At the risk of sounding pedantic, this world of ours is getting smaller and smaller. What concerns me is the rate at which information becomes accessible outweighs the ability of the recipients to do something with that information. Such as: The third world ogles Western niceties but for the most part finds them inaccessible. Youth sees power evinced in political judgements or big screen firepower and still has to rely on elders for money and hence freedom. We ALL get handed a stream of information about people who are richer, better looking, healthier, more popular and generally BETTER than us.
But I digress.
There is a song I wrote called "In the Garden of the Long Pig", which you can find on a CD called "Beautiful Accident" by my band, The Third International. It is a tongue-in-cheek look at New Yorker eco-tourists making their way into the depths of the Amazon only to find their tour guide more enamoured with the  manufactured trappings of middle class life than with the spectacular thousand year old trees that surround him.
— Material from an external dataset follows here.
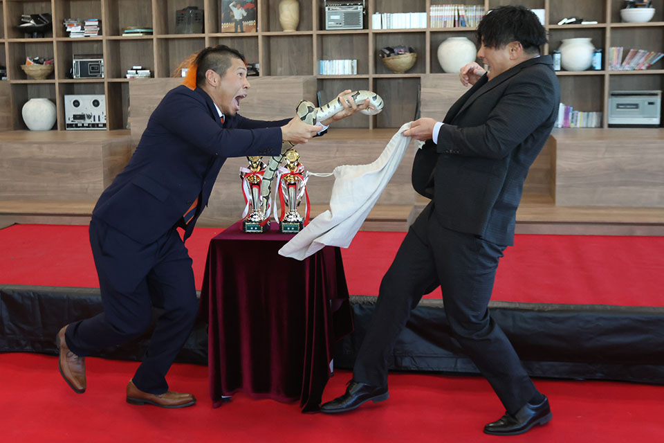 関札も「絶対に! 持ち込みません」と口をそろえていたが、会見後の写真撮影時、持参したヘビを持ち出した。爬虫類レスラーの面目躍如となったが、これに過剰な反応を見せたのがMUSASHI。関札が「俺は元祖・爬虫類レスラーなんだよ。爬虫類レスラーの正々堂々はこれなんだ!」とヘビを向けて迫ると、MUSASHIは「やめろよ、危ない! 触れた! ヘビ触れた! 噛んだらどうするんだよ?」と完全に錯乱状態。ともに決勝に勝ち進めば関札&さくだと当たることになるが、思わぬ弱点を露呈した形となった。

It's a joke, yes, but it illuminates a dangerous situation. When people are presented with things they come to desire without the ability to acquire them, they either cultivate new levels of restraint or react explosively to their impotence.
Now I am in no way Ned Ludd. Progress is the inexorable path of mankind. I do not have the answer to this dilemma. Maybe somebody does?
So that's the gist of "In the Garden of the Long  Pig". Shall we say, it's primary storyline. But it is contained in the "Beautiful Accident" CD which, as well as being a collection of songs, is an abstract walk through the 20th century...at least a series of snapshots that I think are important. Historically it correlates with World War 2, (and so sits around the middle of the album) or more precisely, it correlates with the innovations that the conflict brought us. Those which accelerated the shrinking of the planet. Long distance air transportation. Long range communications. These things, along with others, served to mark the beginning of the end for the unexplored/untouched distant mystery lands only recently discovered by Victorian explorers. They brought societies that only a generation ago threw spears at airplanes because they thought them evil spirits, to a point where they now thrive with the use of cell phones and the internet. A new class of information junkie was born.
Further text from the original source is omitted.